As markets opened today, Monday, Brent Crude futures jumped by more than 8%, breaching $79 per barrel. Earlier in the session, prices spiked as high as $82 per barrel, a 14-month high as traders reacted to news of strikes in the region and the effective disruption of shipping through the Strait of Hormuz.
The Strait is a critical artery for global trade, with approximately 20% of the world’s oil supply passing through its waters. Reports indicate that tanker traffic has significantly slowed or halted due to security concerns and the withdrawal of insurance coverage for vessels in the area.
Market analysts warn that if the disruption persists, oil prices could potentially test the $100 per barrel mark. Such a surge would likely exert fresh inflationary pressure on global economies, including Zambia, where fuel pump prices are closely tied to international market trends.
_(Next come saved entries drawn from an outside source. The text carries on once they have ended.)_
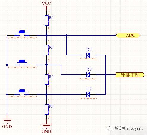 改进二:在原有的ADC按键的基础上,也可用增加二极管的方式,实现按键中断,并在中断服务程序里进行AD转换,从而识别按键。电路如图1.6所示。
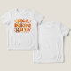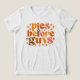 Dieses lustige und freche fallthematische Design zeichnet sich durch den spielerischen Satz "Pies Before Typ" in einem kühlen, Retro-inspiriert Schriftart aus. Der Text ist in einem kompakten, gestapelten Layout mit jedem Wort in einem anderen Schriftart-Stil angeordnet, wodurch eine dynamische und auffällige Komposition entsteht. Die Farbpalette umfasst warme Herbsttöne wie tiefe Orangen, reiche Braun und goldene Gelbtöne, die die gemütliche Atmosphäre der Saison perfekt prägen.
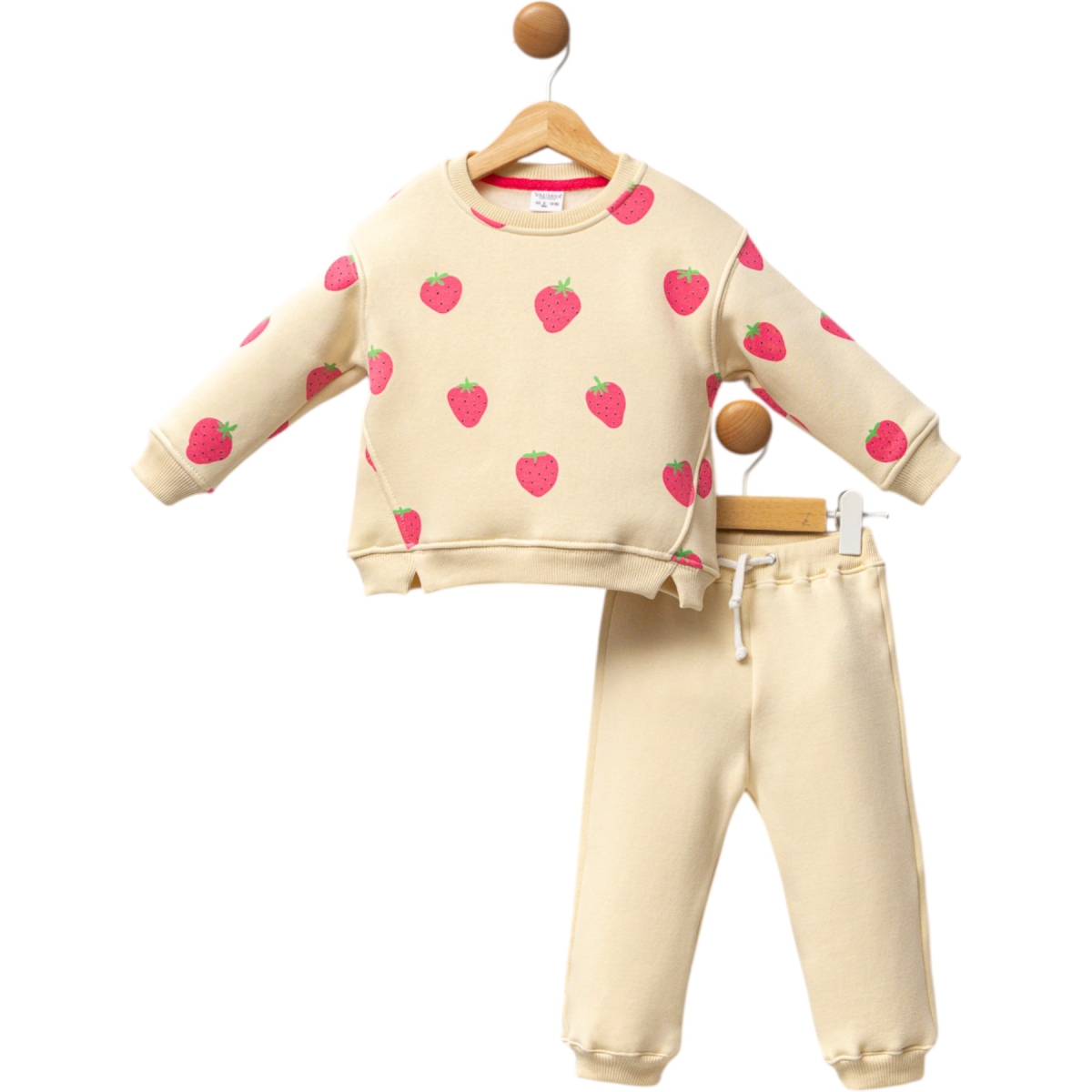 Детски комплект от две части /ватиран/. Включва блузка с обло деколте с десен на ягодки и бежов панталон тип анцуг.

In a bid to stabilise the market, eight OPEC+ countries, including Saudi Arabia and Russia, have reportedly agreed to boost production to offset potential supply gaps. However, experts suggest that spare capacity may not be enough to fully bridge the deficit if the blockade in the Gulf continues.
Back home, stakeholders in the energy and transport sectors are closely monitoring the situation. While the Energy Regulation Board (ERB) usually reviews local prices monthly based on the performance of the Kwacha and international oil costs, the current global volatility remains a point of concern for consumers and businesses alike.
The international community continues to call for de-escalation in the Middle East to prevent a prolonged global energy crisis.